Merkezin, denizden yüksekliği: 1030 metredir. Bölgede, tipik karasal iklim hüküm sürmektedir. Buna göre: yazlar sıcak ve kurak, kışlar ise soğuk ve kar yağışlı olarak geçer. Bitki örtüsü ise: bozkır. Büyük bölüm ise, çıplak yamaçlar şeklinde görülmektedir.

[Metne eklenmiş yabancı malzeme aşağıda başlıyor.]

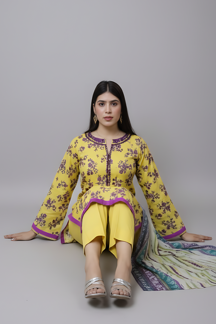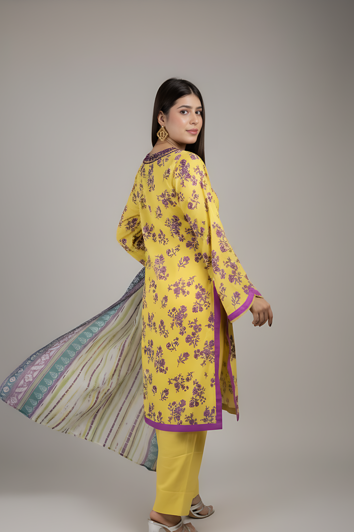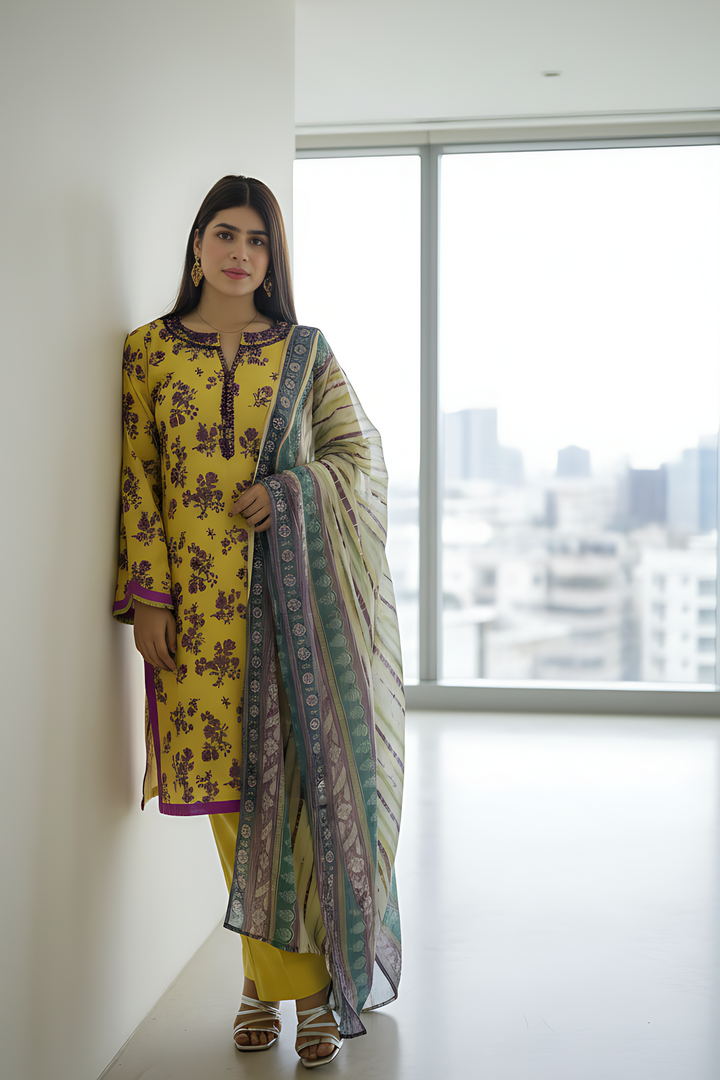 Step into effortless elegance with this beautifully crafted 3-piece unstitched suit — a perfect blend of traditional charm and modern comfort. Ideal for casual gatherings, day events, or everyday wear.

İlçe ekonomisi: tarım ve hayvancılığa dayanır. Bölgede akarsu bulunmadığından, sulama da büyük güçlükler yaşanmaktadır. Son yıllardaki ekonomik gelişmeler çerçevesinde, ilçede, büyük bir Holding tarafından, birçok fabrikadan oluşan, Gıda Şehri bölgesi kurulmak durumundadır. Tamamen tarıma dayalı olarak gerçekleştirilecek bu proje, dünyanın bu konudaki en büyük projesidir. Bu proje çerçevesinde: birçok gıda ürünü, bölgede üretilecek, işlenecek, paketlenecek, depolanacak ve sevk edilecektir.
KAZIM KARABEKİR
1882 yılında, İstanbul’da doğdu. Harp Okulunda, Atatürk ile tanıştı. 31 Mart Olayını bastırmak için, İstanbul’a gönderilen Harekat Ordusunun başında, Atatürk ile birlikte görev yaptı. I. Dünya Savaşı başında, yarbay olan Kazım Karabekir, savaş yılları boyunca: İran sınırı, Halep, Doğu cephesi ve Çanakkale’de bulundu. 1917 yılında, Erzincan yakınlarındaki “Kafkas Ordusu” komutanlığına getirildi ve bu süredeki görevinde: Ermenileri püskürterek, Erzurum ve Erzincan’ı geri aldı. Sarıkamış bölgesinde ise: Kars ve Gümrü kalelerini ele geçirdi ve bu hizmetlerinin sonucunda “General” oldu.
Takip eden dönemde: Kazımkarabekir Paşa, sınıf arkadaşı Atatürk ile sürekli olarak birlikte olmuş ve birlikte hareket ederek, Kurtuluş Mücadelesinde büyük yararlılıklar göstermiştir. Cumhuriyetin ilanından sonra ise, TBMM sıralarında, milletvekili olarak, Atatürk’ün muhalifleri arasında yer aldı. Terakkiperver Cumhuriyet Fırkasının kuruluşunda bulundu. Bu Partinin, Genel Başkanı oldu. Ancak, ömrü uzun olmayan parti, 1926 yılında, Atatürk’e yapılan bir suikastın destekçisi olarak çıkınca, kapatıldı.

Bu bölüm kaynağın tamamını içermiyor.